● **REQUIRED ACTION**
Pictures are to be left out. Return exactly the lines below from the one with "Голомт банкны картаар" up to and including the one with "Черная зубная паста-гель".

'''

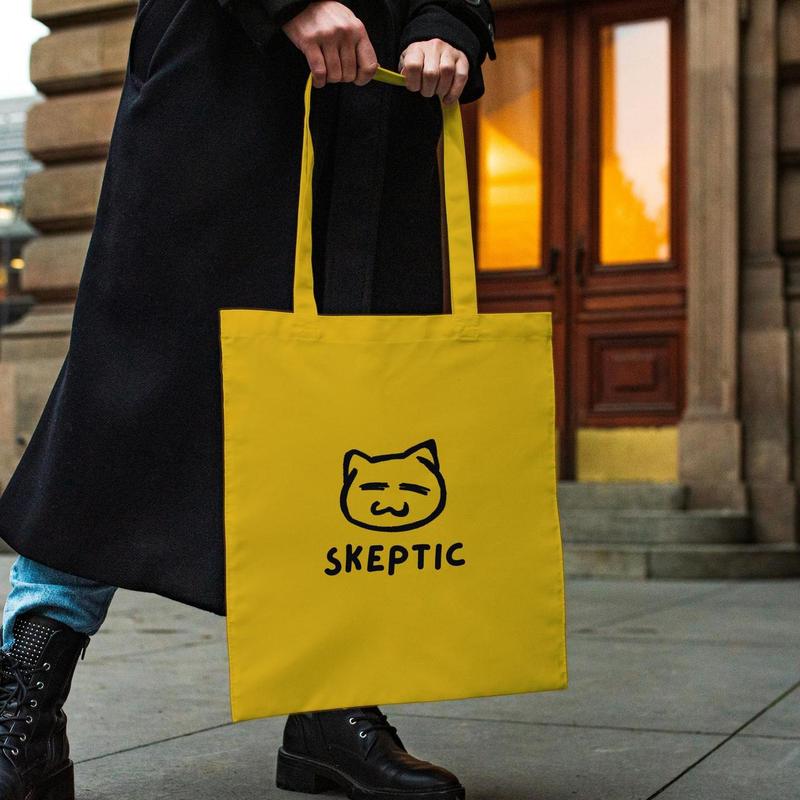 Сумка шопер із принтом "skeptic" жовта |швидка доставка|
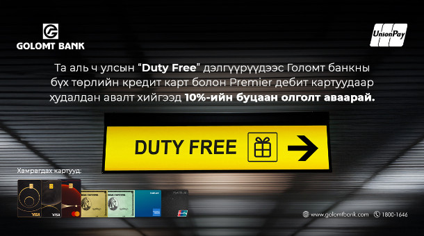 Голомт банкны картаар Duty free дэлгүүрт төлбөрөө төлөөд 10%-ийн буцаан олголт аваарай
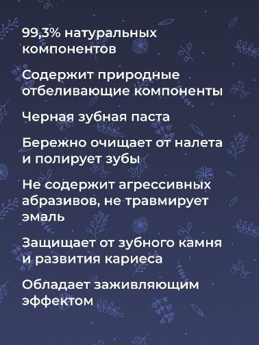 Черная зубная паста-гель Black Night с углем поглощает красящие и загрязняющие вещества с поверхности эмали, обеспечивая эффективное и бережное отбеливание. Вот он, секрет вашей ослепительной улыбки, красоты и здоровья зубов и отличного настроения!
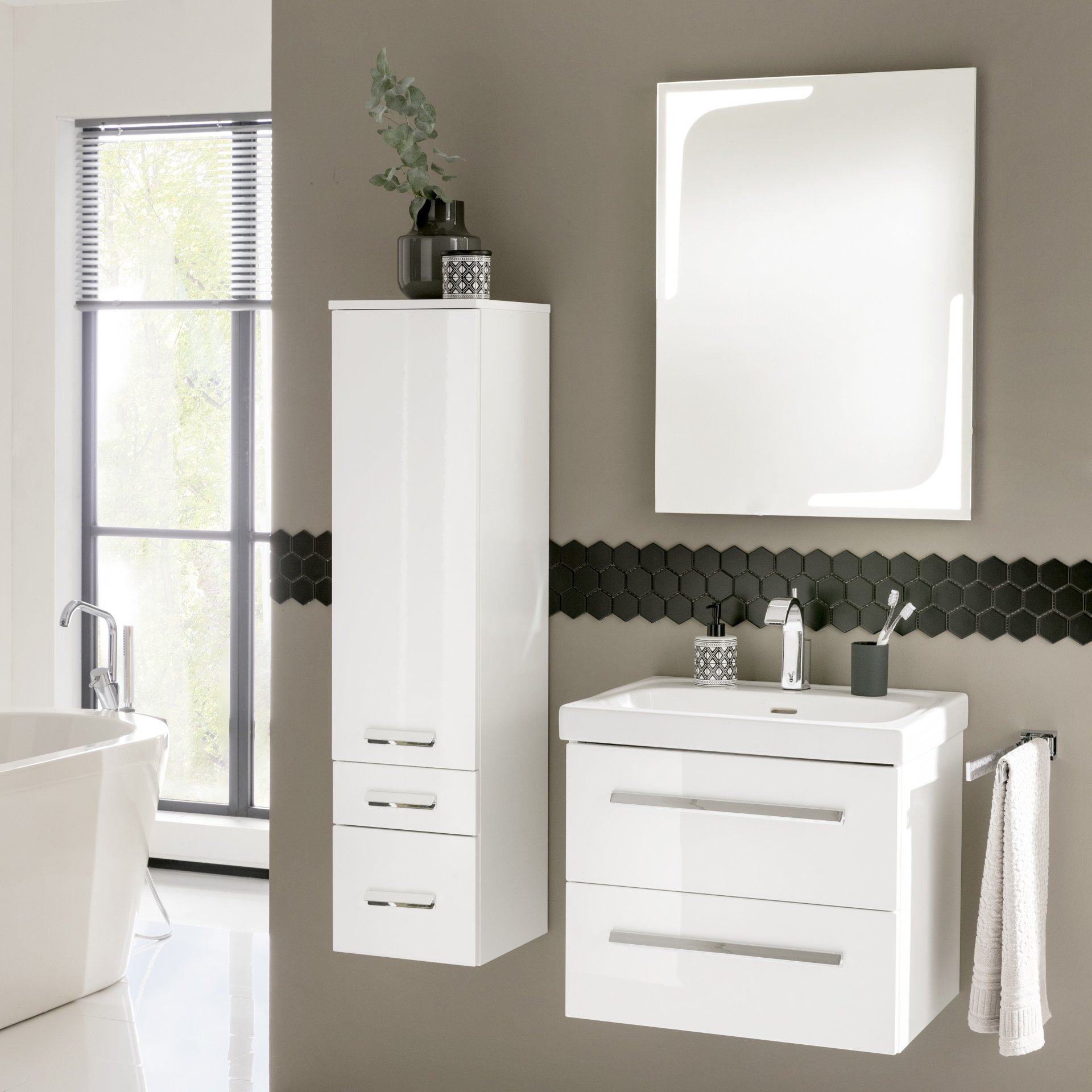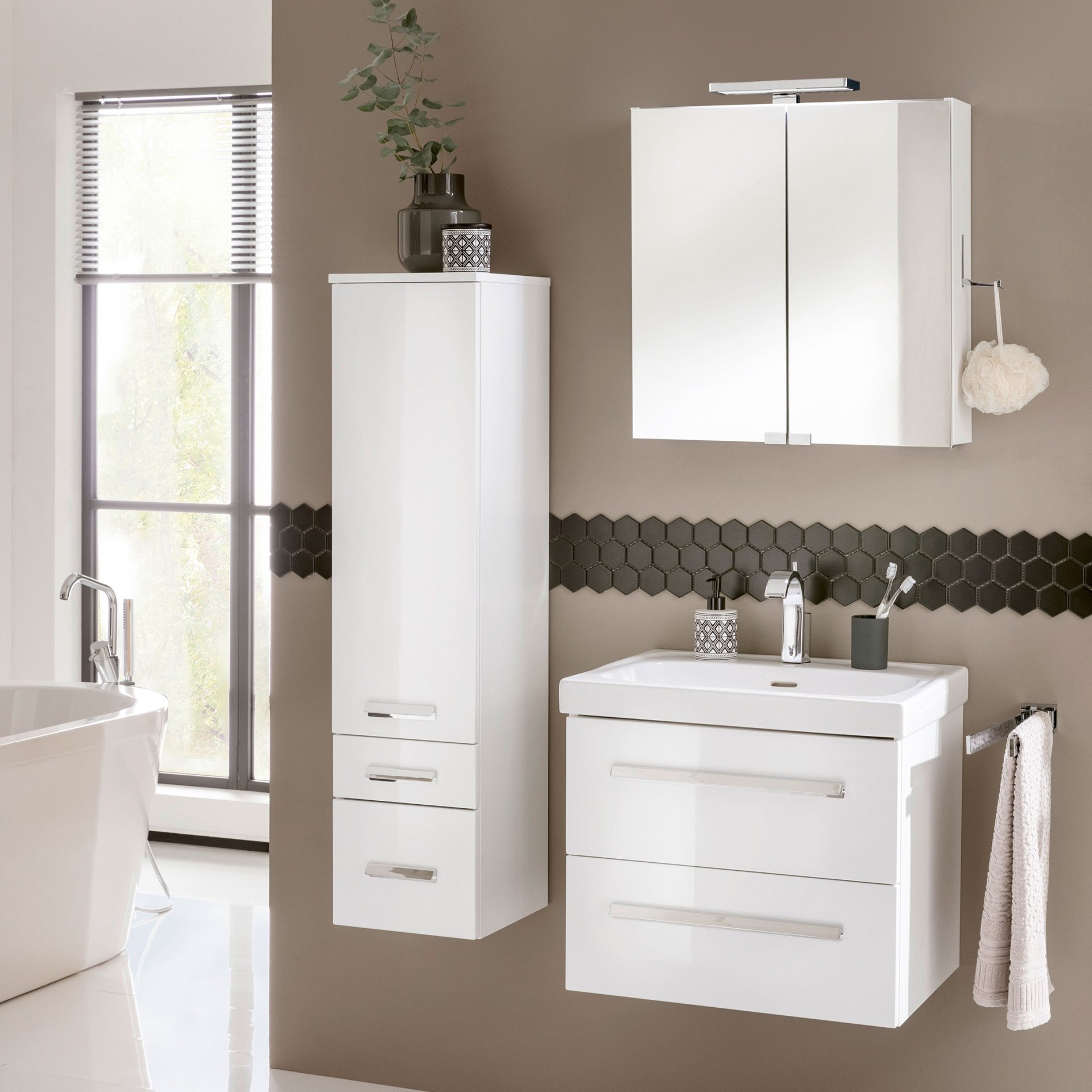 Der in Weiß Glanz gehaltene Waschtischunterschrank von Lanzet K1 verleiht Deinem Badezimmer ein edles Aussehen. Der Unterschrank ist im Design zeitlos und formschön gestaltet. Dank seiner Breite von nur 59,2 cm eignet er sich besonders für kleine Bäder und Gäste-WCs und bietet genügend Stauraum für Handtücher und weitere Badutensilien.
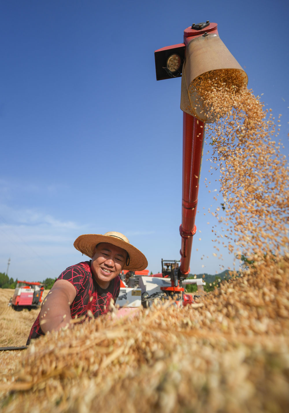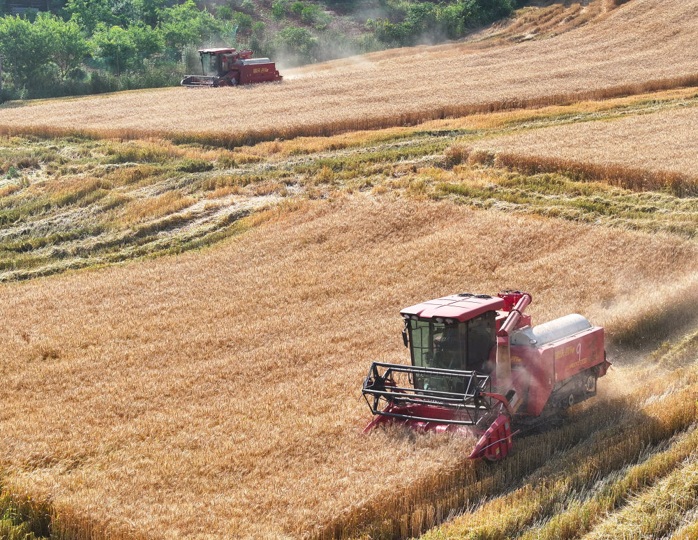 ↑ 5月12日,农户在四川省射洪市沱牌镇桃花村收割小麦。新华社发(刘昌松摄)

'''

● **SOLUTION TO THIS TASK**
 Голомт банкны картаар Duty free дэлгүүрт төлбөрөө төлөөд 10%-ийн буцаан олголт аваарай
 Черная зубная паста-гель Black Night с углем поглощает красящие и загрязняющие вещества с поверхности эмали, обеспечивая эффективное и бережное отбеливание. Вот он, секрет вашей ослепительной улыбки, красоты и здоровья зубов и отличного настроения!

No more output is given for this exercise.